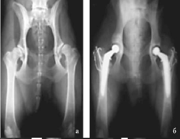 Учитывая небольшой процент осложнений и полноценное восстановление функции конечности, эндопротезирование имеет показания и практическое применение при дисплазии и артрозе тазобедренного сустава у собак.
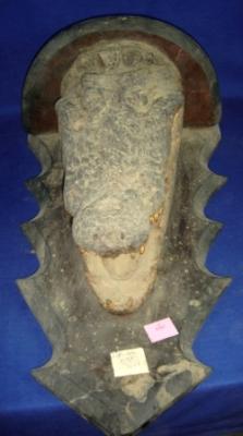 | Description / विवरण | Head of a crocodile with open mouth having prominent teeth. It is preserved with taxidermy system. |
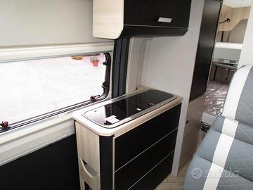 Dotato di climatizzazione in cabina, airbag conducente e passeggero, retrovisori elettrici con sbrinamento, sedili cabina girevoli regolabili in altezza con doppio bracciolo e tappezzeria come dinette, sistema di trazione evoluto Traction+, regolatore di velocità cruise control, predisposizione autoradio con casse ed antenna DAB, paraurti verniciato, telaio 35 quintali, fendinebbia, serbatoio gasolio da 90 lt, cerchi in lega da 16", oblò panoramico Midi-Heki, gradino elettrico, prolunga tavolo dinette, illuminazione interna 100% a LED, varie prese USB, 12V e 220V. Il mezzo ha il riscaldamento a gasolio Webasto ed il frigorifero a compressore da 90 litri.
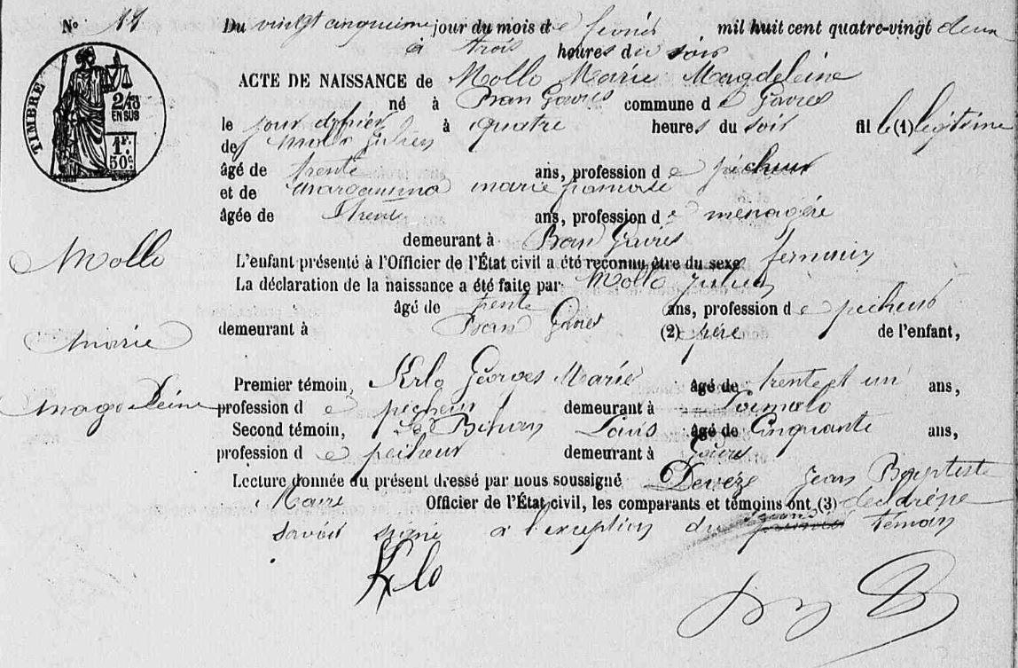 | Naissance MOLLO Marie Magdeleine - 1882 - Gâvres |
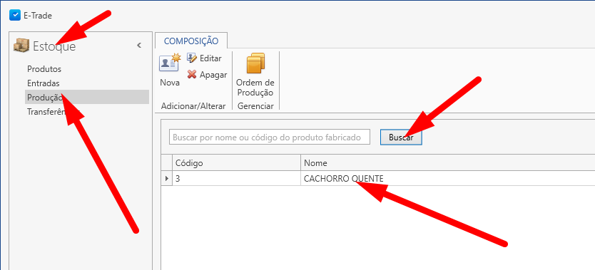 Voltando ao menu Estoque / Produção / Composição e clicando em buscar, você verá que agora possuí um produto composto / fabricado, ativo no sistema.
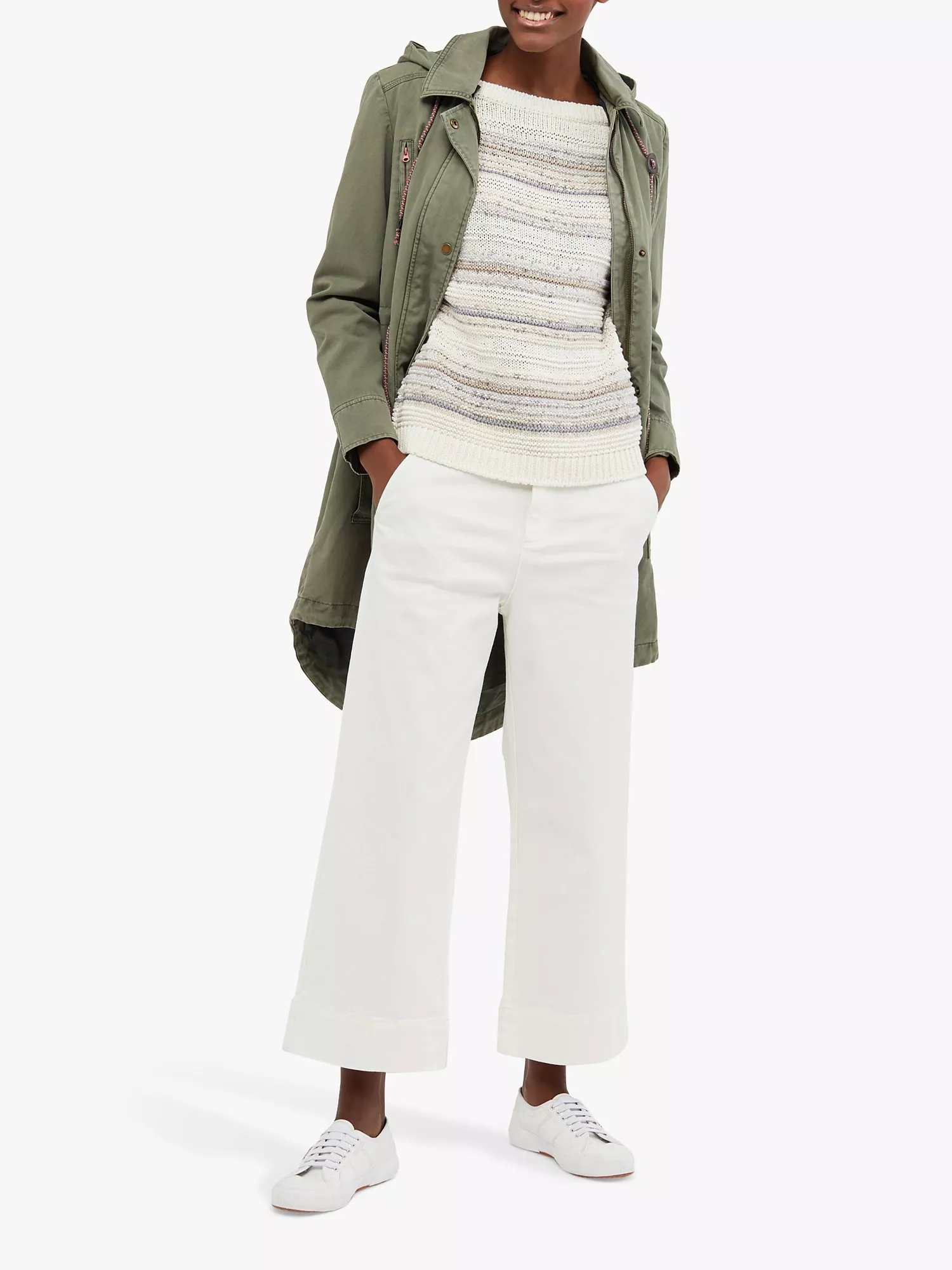 These trousers from White Stuff are cut to a comfortable wide leg shape and cropped to keep you cool. Smarter in design with slant slip pockets and neat welt pockets at the back, they sit mid-rise on the waist and fasten with a zip and horn button. Pair them with anything from a simple stripe top to a pretty blouse.
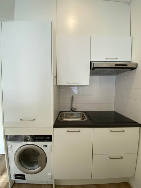 Un appartement élégant sera disponible à la location à Gratamastraat à partir du 1er avril. Il est situé au 1er étage à l'avant du bâtiment. L'accès à l'appartement se fait par l'entrée commune. Cet appartement dispose d'un salon avec cuisine ouverte (environ 15 m²), d'un coin nuit séparé (environ 8,5 m²) et d'une salle de bain. La salle de bain est équipée d'une douche, d'un WC et d'un lavabo. La cuisine comprend une plaque de cuisson, une hotte aspirante, un réfrigérateur et une machine à laver. L'appartement est chauffé par le chauffage par le sol et dispose d'un sol en PVC, de rideaux et d'une nouvelle peinture.
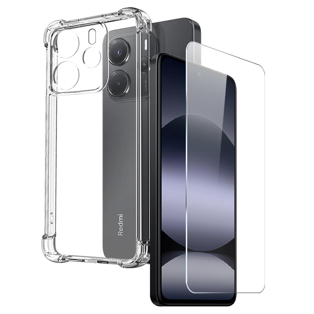 NORTHJO For Xiaomi Redmi Note 14 4G (164.84mm) Clear Phone Case Four Corner Shockproof TPU Cover with Tempered Glass
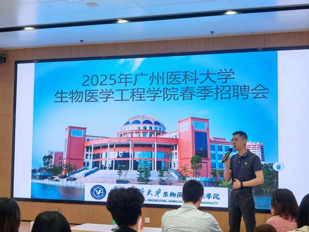 为推进我院2025届本科生和研究生毕业生就业工作,提升人才培养和就业质量工作,我院于2025年4月11日上午在广州医科大学番禺校区学术交流中心204开展春季招聘会活动,共邀请四家企业参加本次招聘会,分别是氢质子医疗科技(深圳)有限公司、天津萨伯曼医疗设备有限公司、深圳长久康联生物科技有限公司、粤嵌(广州)通信科技股份有限公司,本次招聘会四家企业提供十余个就业岗位,涵盖生物医学工程、生物技术、药学等专业,旨在搭建企业与毕业生交流平台,为毕业生提供良好的职业发展机会。
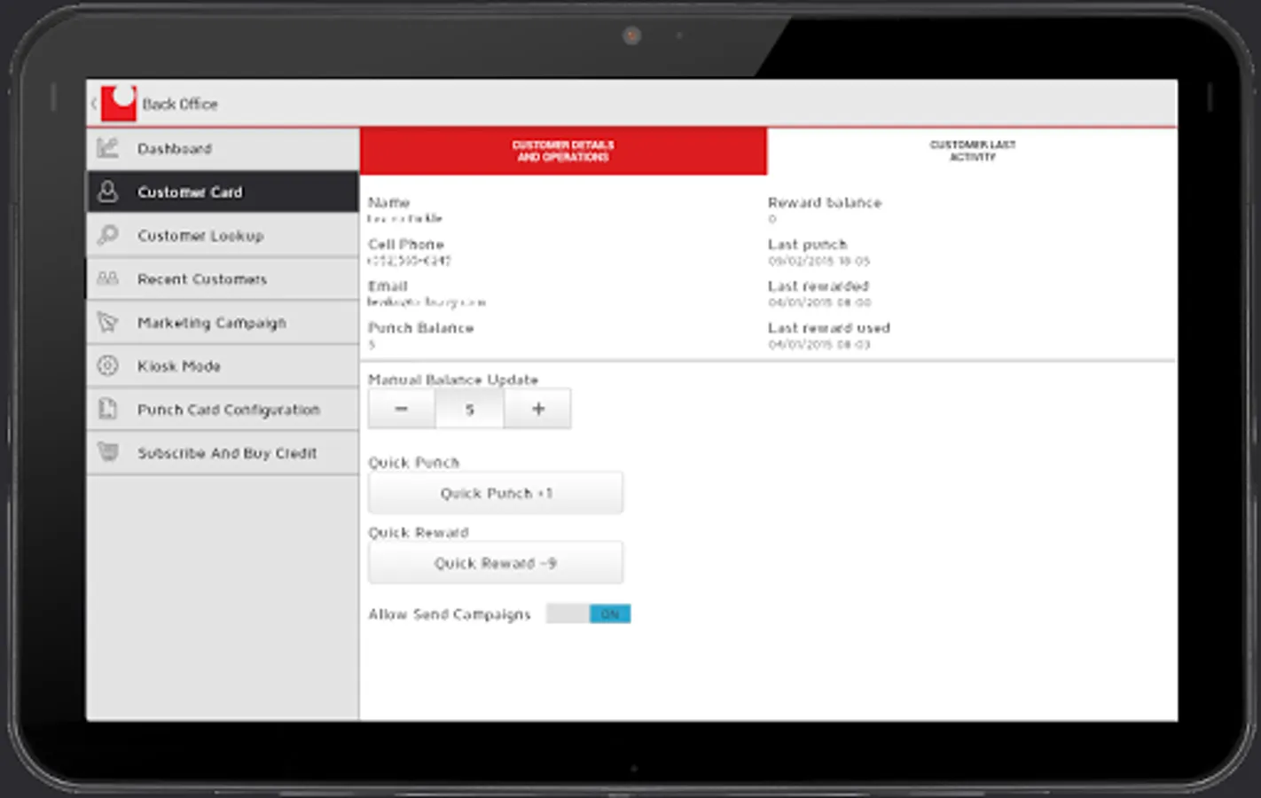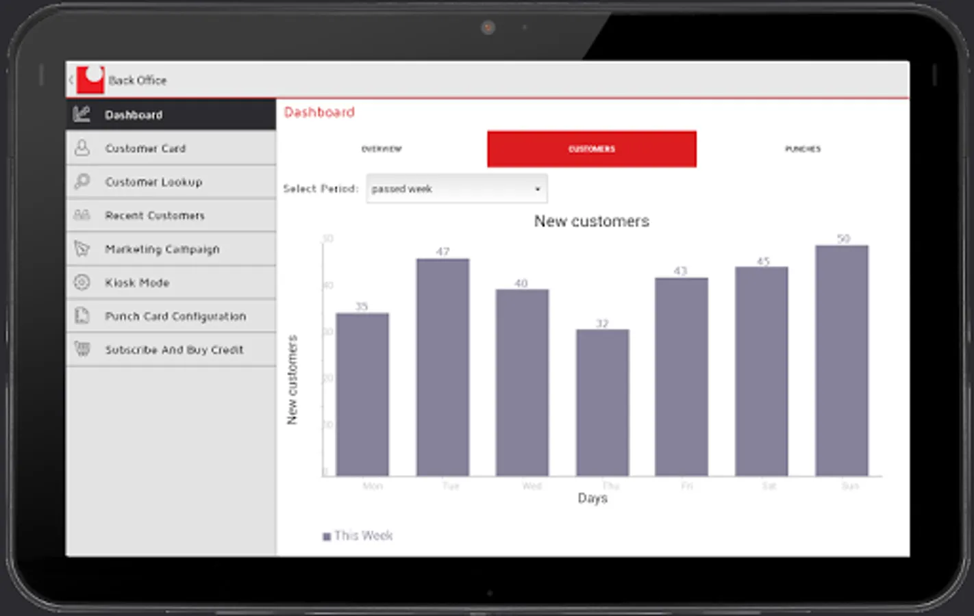 The back end is user friendly and packed with interesting features. You can view statistics and graphical reports, you can customize your punch card’s design and you can constantly monitor any customer’s punch cards.
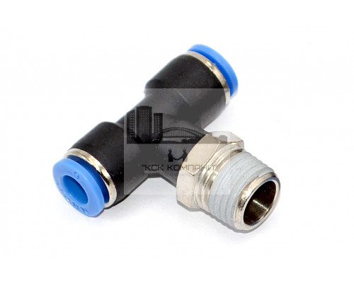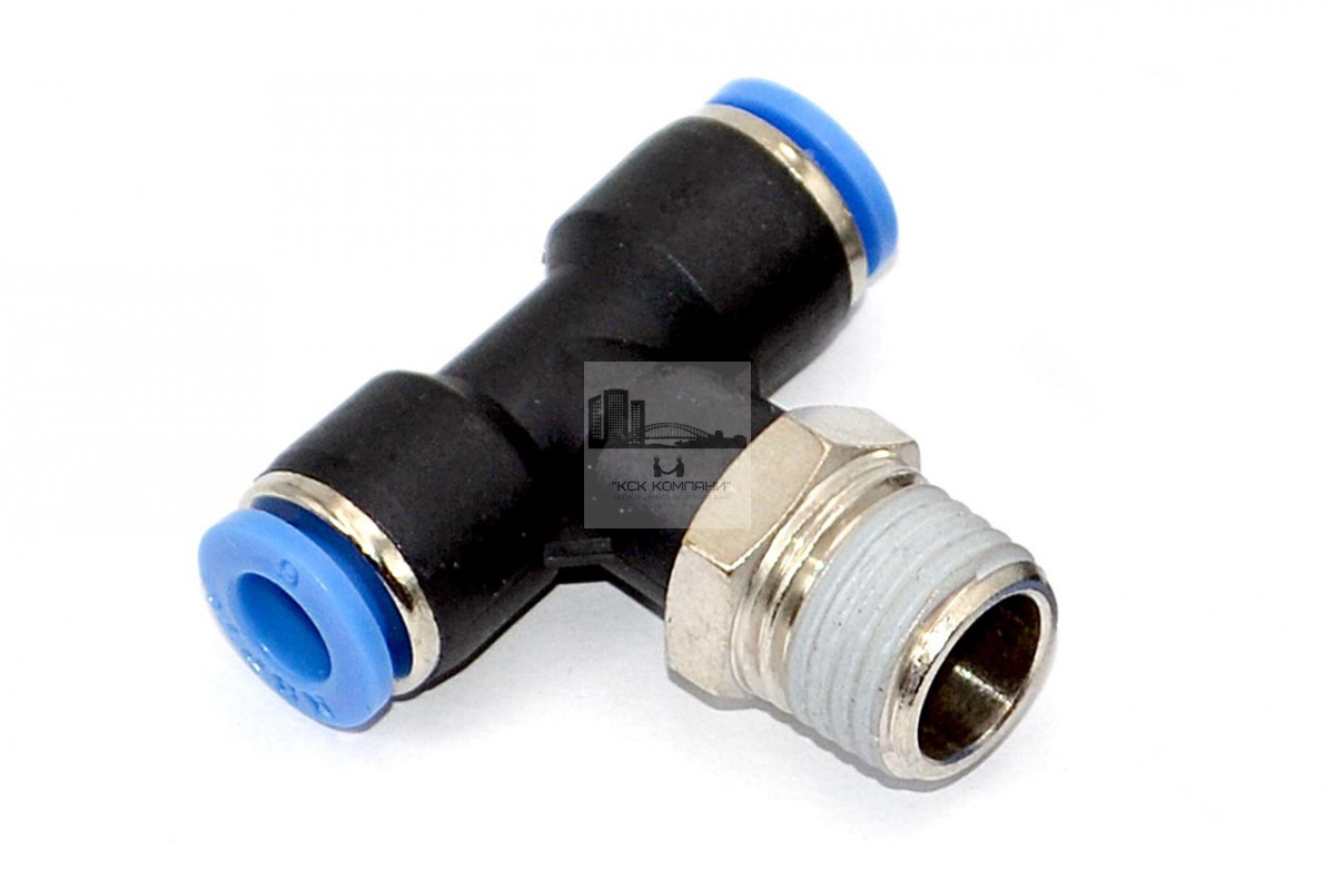 PТ – модель фитинга (трубка-резьба): Т-образный фитинг с наружной резьбой с одной стороны и нажимным цанговым соединением с других сторон
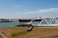Nr Hoek van Holland The Netherlands The Maeslantkering, part of the Europoortkering flood defences of the Delta Works. One of the largest manmade moving structures on earth. Oil Tanker Ridgebury Rosemary E passing along the Nieuwe Waterweg.
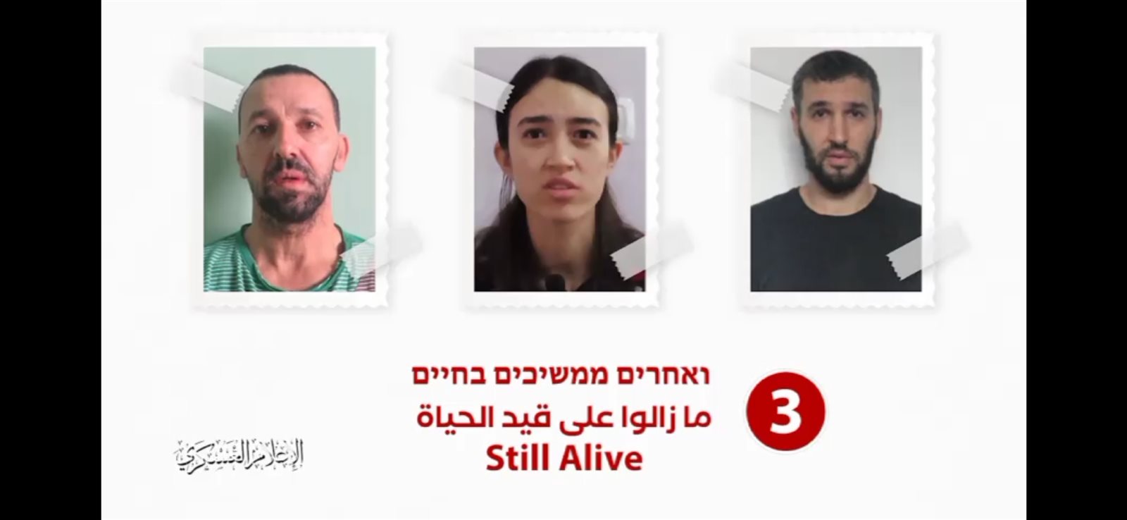 نشرت كتائب القسام مقطع فيديو للأسرى الثلاثة نوعى ارغاماني وإيتاي صابرسكي ويوسي شرابي، وكانت قالت أمس إنها ستعلن مصيرهم اليوم الإثنين، مستخدمة أسلوب الحرب النفسية الذي اعتاد الاحتلال الإسرائيلي استخدامه، موضحة أنه سيتم الكشف الليلة عن مصيرهم.
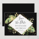 Este convite moderno de salvar a data com tema tropical apresenta folhagem exótica verde e dourada em um fundo preto. Uma moldura geométrica dourada elegante destaca o texto preto. Salpicos dourados acentuam o design botânico elegante e trazem um pouco de capricho sofisticado para o convite. Este design de oásis insular é perfeito para qualquer casamento ao ar livre, na praia ou de destino.
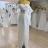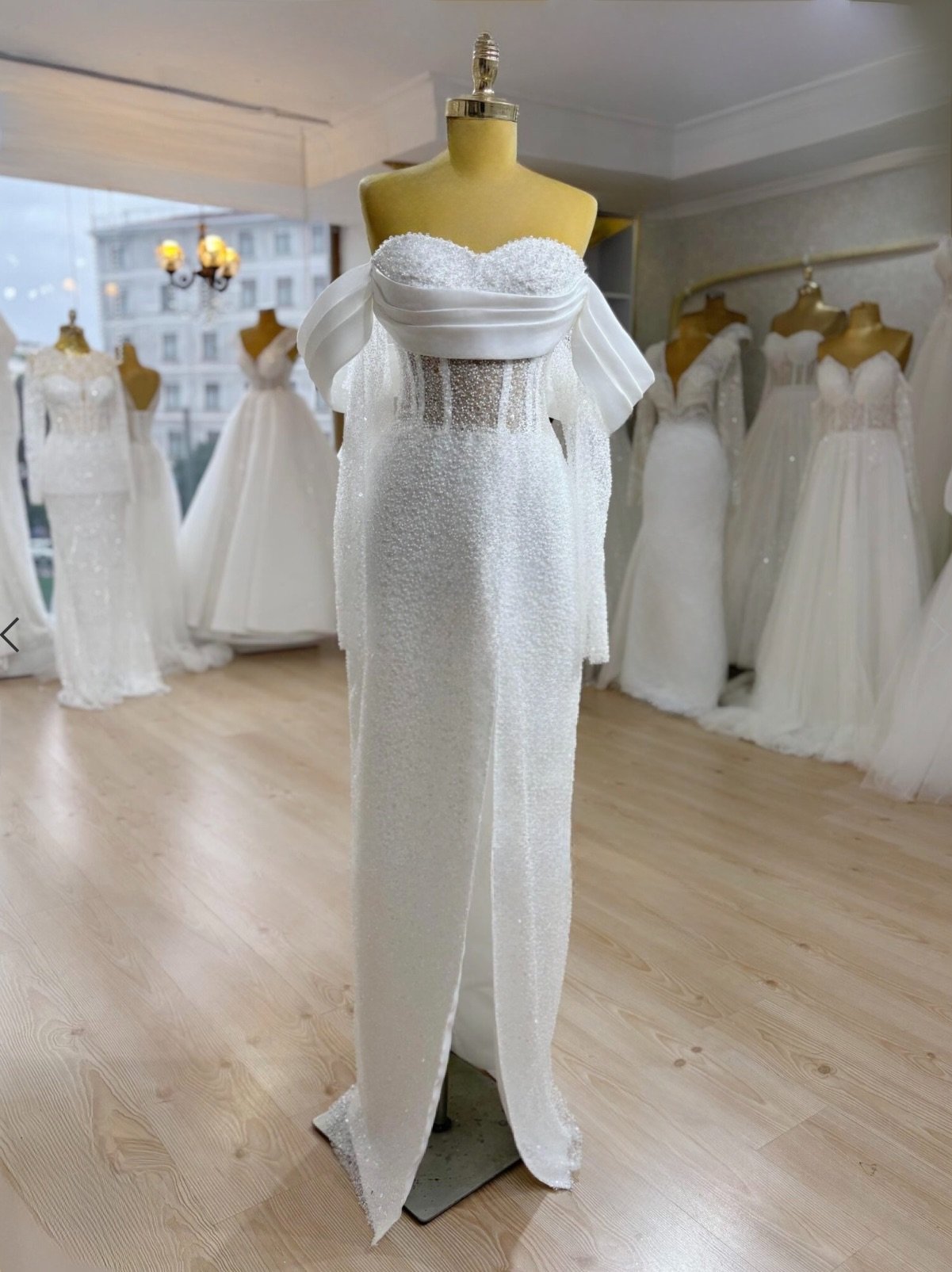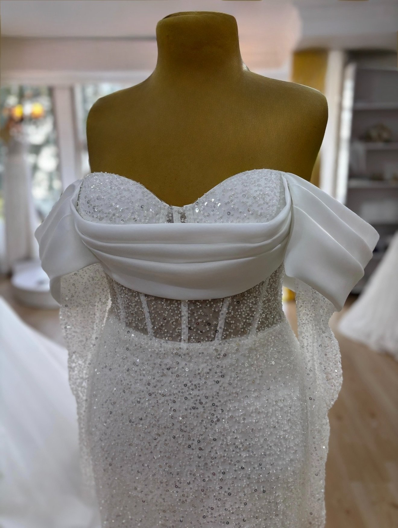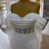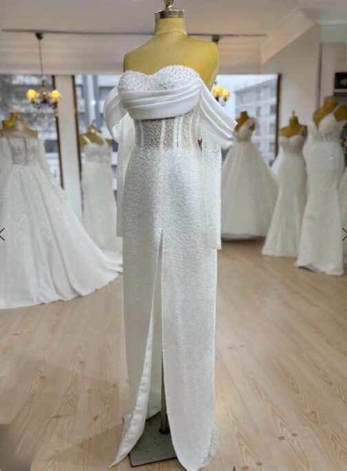 Cette robe de mariée en coupe sirène incarne une élégance contemporaine tout en mettant parfaitement en valeur la silhouette. Conçue dans un tissu intégralement perlé, elle offre un rendu lumineux et raffiné qui attire le regard tout en restant délicat.

**Work request**
Reproduce only the lines from the first line of the entries through the line containing "taxidermy system. |", exactly and with both ends kept. Omit the pictures.

**Exercise output**
 Учитывая небольшой процент осложнений и полноценное восстановление функции конечности, эндопротезирование имеет показания и практическое применение при дисплазии и артрозе тазобедренного сустава у собак.
 | Description / विवरण | Head of a crocodile with open mouth having prominent teeth. It is preserved with taxidermy system. |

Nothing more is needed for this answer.